%%

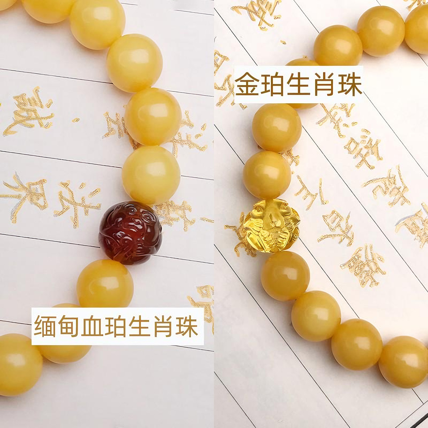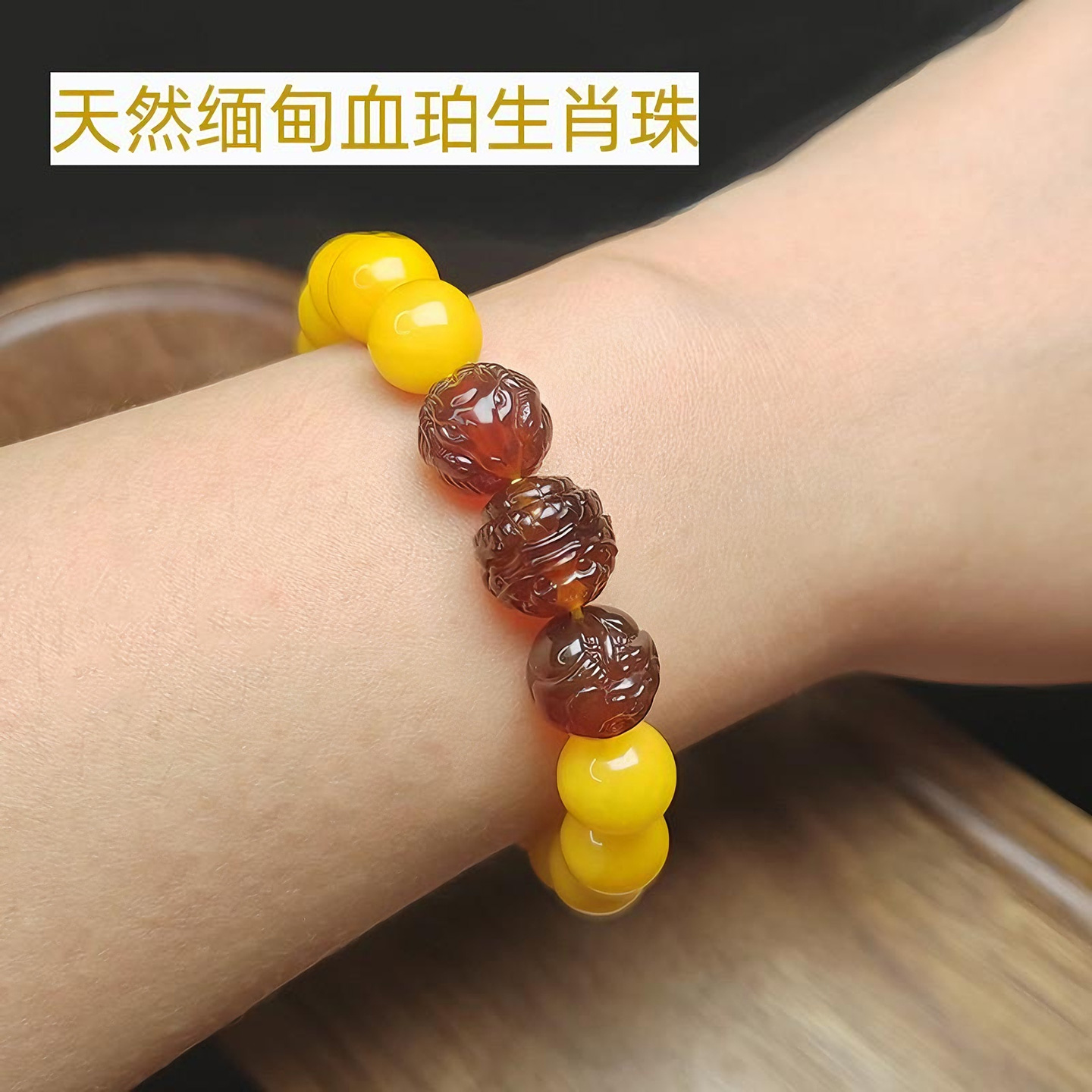 思华年天然琥珀蜜蜡缅甸棕红血珀金珀生肖珠雕刻散珠挂件手串配饰
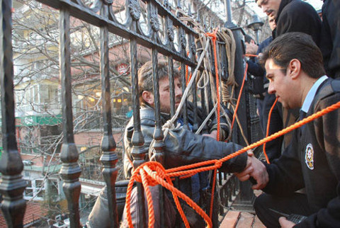 Galerinin tamamı için tıklayınızBursa'da bir seyyar satıcı, belediye yetkililerinin kendisine büfe yeri vermemesi üzerine Setbaşı Köprüsü'ne çıkarak intihara kalkıştı
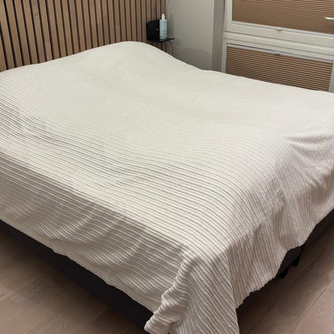 Dobbelt laken i hvit sateng, formsydd til å passe til en regulerbar seng med delt rammemadrass. Kjøpt hos Bedre netter, og brukt en gang, da vi ikke beholdt sengen. Bildene er fra leverandørens side, klare ikke å ta en bilde som gir mening når jeg ikke har en passende madrass å sette det på. Men er altså så godt som nytt.
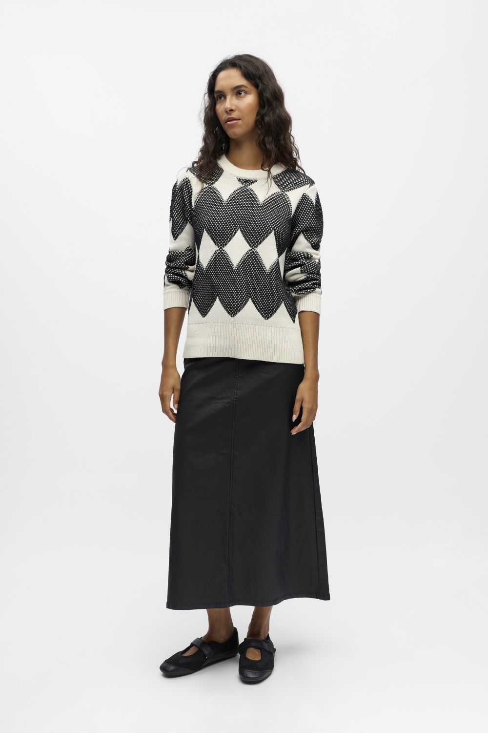 Deze stijlvolle trui van Object in White Sand/BLACK is een echte aanvulling voor je garderobe deze winter. De trui valt op door zijn opvallende structuurpatroon, wat voor een speels en eigentijds effect zorgt. Met een ronde hals en een regular pasvorm biedt de trui zowel comfort als stijl. Dankzij het gebruik van 100% katoen voelt het materiaal zacht aan op de huid, ideaal voor koudere dagen. De lange mouw en normale lengte maken deze trui geschikt voor uiteenlopende gelegenheden. Of je nu een dag op kantoor hebt of een informele bijeenkomst bijwoont, je ziet er altijd verzorgd uit. Combineer de trui eenvoudig met een jeans voor een casual look of met een rok voor een nettere outfit. Deze duurzame keuze van Object past perfect in een moderne garderobe en zorgt ervoor dat je de hele winter stijlvol voor de dag komt.
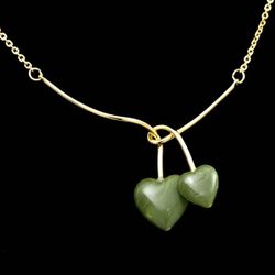 RARE Vintage Designer SARAH COVENTRY "Duo Hearts" Faux Jade Gold Tone Necklace$20Miramar, FL

%%

__WORK ITEM__. Exclude the pictures and print the rest of the data exactly.

__EXERCISE ANSWER__.
 思华年天然琥珀蜜蜡缅甸棕红血珀金珀生肖珠雕刻散珠挂件手串配饰
 Galerinin tamamı için tıklayınızBursa'da bir seyyar satıcı, belediye yetkililerinin kendisine büfe yeri vermemesi üzerine Setbaşı Köprüsü'ne çıkarak intihara kalkıştı
 Dobbelt laken i hvit sateng, formsydd til å passe til en regulerbar seng med delt rammemadrass. Kjøpt hos Bedre netter, og brukt en gang, da vi ikke beholdt sengen. Bildene er fra leverandørens side, klare ikke å ta en bilde som gir mening når jeg ikke har en passende madrass å sette det på. Men er altså så godt som nytt.
 Deze stijlvolle trui van Object in White Sand/BLACK is een echte aanvulling voor je garderobe deze winter. De trui valt op door zijn opvallende structuurpatroon, wat voor een speels en eigentijds effect zorgt. Met een ronde hals en een regular pasvorm biedt de trui zowel comfort als stijl. Dankzij het gebruik van 100% katoen voelt het materiaal zacht aan op de huid, ideaal voor koudere dagen. De lange mouw en normale lengte maken deze trui geschikt voor uiteenlopende gelegenheden. Of je nu een dag op kantoor hebt of een informele bijeenkomst bijwoont, je ziet er altijd verzorgd uit. Combineer de trui eenvoudig met een jeans voor een casual look of met een rok voor een nettere outfit. Deze duurzame keuze van Object past perfect in een moderne garderobe en zorgt ervoor dat je de hele winter stijlvol voor de dag komt.
 RARE Vintage Designer SARAH COVENTRY "Duo Hearts" Faux Jade Gold Tone Necklace$20Miramar, FL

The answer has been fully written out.